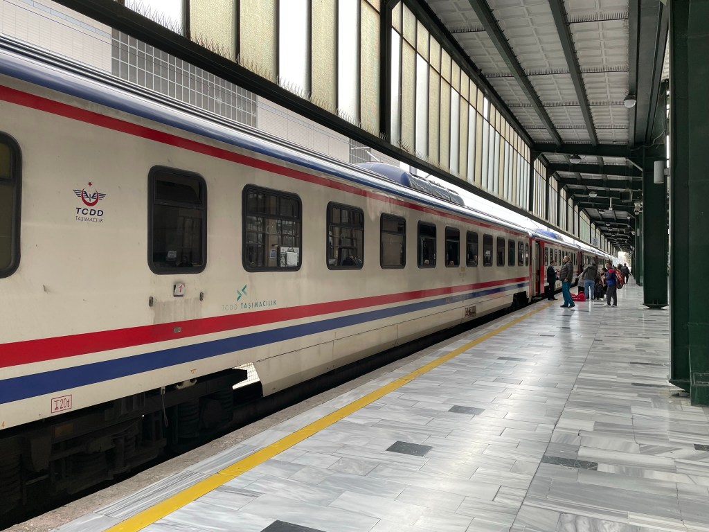 Arrival in Ankara – an enormous completely new station set next to the old main station – which as we cross into we see a train that will be heading east
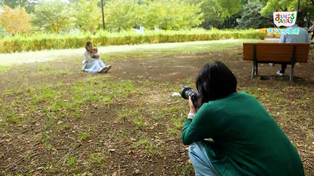 撮影のポイントは2つ。少し離れたところで葉っぱに光があたってきれいな緑が出ているところ、子どもは背が低いので低い位置に明るい緑があることです。
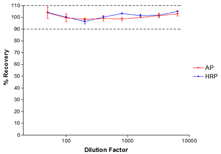 4. 步驟:在鏈酶親和素標記CRP捕獲抗體和HRP/AP標記CRP檢測抗體存在下,耗盡CRP的人血清加到250pg/ml CRP并連續(xù)稀釋后加到透明的96條板狀板中;
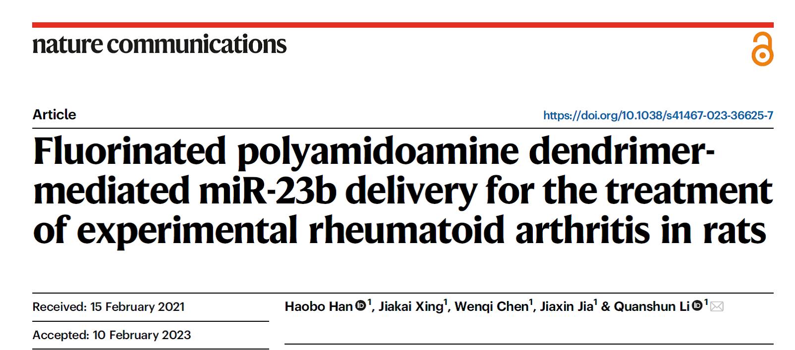 分子酶学工程教育部重点实验室李全顺教授团队,针对类风湿性关节炎的关键信号分子miR-23b,构建氟化修饰型树枝状高分子作为基因递送载体,实现miR-23b在关节炎动物模型中的稳定递送,取得了良好的治疗效果;同时,研究揭示了miR-23b能够抑制TAB2、TAB3以及IKK-α表达,阻断NF-κB炎症信号通路,并诱导巨噬细胞凋亡,实现体内抗炎功能。研究结果以Fluorinated polyamidoamine dendrimer-mediated miR-23b delivery for the treatment of experimental rheumatoid arthritis in rats为题,于2023年2月20日在学术期刊《Nature Communications》正式发表。论文第一完成单位为快猫视频
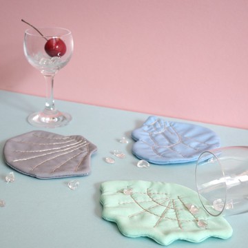 ★**沁涼舒心!閃閃發光的夏日海洋風**★前一款可愛的觀葉杯墊好受歡迎,為了迎接閃閃發光的夏日,我們來做幾個微光閃閃的貝殼杯墊吧!放在桌前,隨著光線閃閃發亮,看了舒心又沁涼。https://live.staticflickr.com/65535/52831380489_afe4c6feaa_b.jpg-**專為新手設計!跟著說明書和影片零經驗也不怕**這款材料包附上了專為縫紉新手印製的記號布,你不再需要自己描版型到布上,也不需要擔心自己是不是縫歪了、形狀跑掉了,只要跟著布上的記號——『沿著虛線縫起來、再從實線剪下』就ok!https://live.staticflickr.com/65535/52831866808_03a3e45625_b.jpg**貝殼紋路採用刺繡技法,教你小訣竅,兩面都好看,兩面皆可用!**https://live.staticflickr.com/65535/52830851892_4b275b64e1_b.jpghttps://live.staticflickr.com/65535/52831198566_b4c3c30cc1_b.jpg-**三款貝殼都超可愛,閃著微光的銀線穿插其中,剛剛好的搶眼**https://live.staticflickr.com/65535/52831200476_149e908b93_b.jpghttps://live.staticflickr.com/65535/52830632217_d93ec1d8e0_b.jpghttps://live.staticflickr.com/65535/52831603850_6c98fab661_b.jpg-**完成尺寸**每個貝殼約13×13公分**內容物**說明書、記號布、棉襯、針、手縫線、繡線*請注意!此作品製作過程中有一個『畫貝殼紋路』的步驟,會使用到熱消筆,如果手邊沒有熱消筆(或任何可以做暫時記號的工具)請記得在訂購時選擇加購熱消筆的選項喔!https://live.staticflickr.com/65535/52746533964_759fc33a1e_b.jpgPS 微微的細閃光肉眼看很明顯,不過照片很難拍出來,我們特地上傳了一個關燈影片,讓大家看看貝殼們低調又閃閃的模樣!https://youtu.be/cYeh2k9V3oo
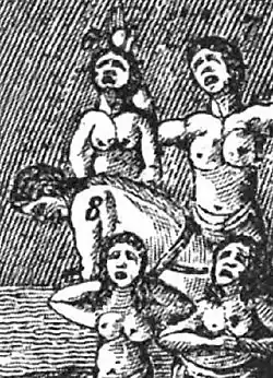 8. Kahekil's brother Kaiko and 6. wife Wahinepio mourning alongside 7. Kalākua Kaheiheimālie and two unidentified women during Queen Keōpūolani's funeral.

_____

- _Activity_
What you return should match the records above word for word, minus the pictures.

- _Response area_
 Arrival in Ankara – an enormous completely new station set next to the old main station – which as we cross into we see a train that will be heading east
 撮影のポイントは2つ。少し離れたところで葉っぱに光があたってきれいな緑が出ているところ、子どもは背が低いので低い位置に明るい緑があることです。
 4. 步驟:在鏈酶親和素標記CRP捕獲抗體和HRP/AP標記CRP檢測抗體存在下,耗盡CRP的人血清加到250pg/ml CRP并連續(xù)稀釋后加到透明的96條板狀板中;
 分子酶学工程教育部重点实验室李全顺教授团队,针对类风湿性关节炎的关键信号分子miR-23b,构建氟化修饰型树枝状高分子作为基因递送载体,实现miR-23b在关节炎动物模型中的稳定递送,取得了良好的治疗效果;同时,研究揭示了miR-23b能够抑制TAB2、TAB3以及IKK-α表达,阻断NF-κB炎症信号通路,并诱导巨噬细胞凋亡,实现体内抗炎功能。研究结果以Fluorinated polyamidoamine dendrimer-mediated miR-23b delivery for the treatment of experimental rheumatoid arthritis in rats为题,于2023年2月20日在学术期刊《Nature Communications》正式发表。论文第一完成单位为快猫视频
 ★**沁涼舒心!閃閃發光的夏日海洋風**★前一款可愛的觀葉杯墊好受歡迎,為了迎接閃閃發光的夏日,我們來做幾個微光閃閃的貝殼杯墊吧!放在桌前,隨著光線閃閃發亮,看了舒心又沁涼。https://live.staticflickr.com/65535/52831380489_afe4c6feaa_b.jpg-**專為新手設計!跟著說明書和影片零經驗也不怕**這款材料包附上了專為縫紉新手印製的記號布,你不再需要自己描版型到布上,也不需要擔心自己是不是縫歪了、形狀跑掉了,只要跟著布上的記號——『沿著虛線縫起來、再從實線剪下』就ok!https://live.staticflickr.com/65535/52831866808_03a3e45625_b.jpg**貝殼紋路採用刺繡技法,教你小訣竅,兩面都好看,兩面皆可用!**https://live.staticflickr.com/65535/52830851892_4b275b64e1_b.jpghttps://live.staticflickr.com/65535/52831198566_b4c3c30cc1_b.jpg-**三款貝殼都超可愛,閃著微光的銀線穿插其中,剛剛好的搶眼**https://live.staticflickr.com/65535/52831200476_149e908b93_b.jpghttps://live.staticflickr.com/65535/52830632217_d93ec1d8e0_b.jpghttps://live.staticflickr.com/65535/52831603850_6c98fab661_b.jpg-**完成尺寸**每個貝殼約13×13公分**內容物**說明書、記號布、棉襯、針、手縫線、繡線*請注意!此作品製作過程中有一個『畫貝殼紋路』的步驟,會使用到熱消筆,如果手邊沒有熱消筆(或任何可以做暫時記號的工具)請記得在訂購時選擇加購熱消筆的選項喔!https://live.staticflickr.com/65535/52746533964_759fc33a1e_b.jpgPS 微微的細閃光肉眼看很明顯,不過照片很難拍出來,我們特地上傳了一個關燈影片,讓大家看看貝殼們低調又閃閃的模樣!https://youtu.be/cYeh2k9V3oo
 8. Kahekil's brother Kaiko and 6. wife Wahinepio mourning alongside 7. Kalākua Kaheiheimālie and two unidentified women during Queen Keōpūolani's funeral.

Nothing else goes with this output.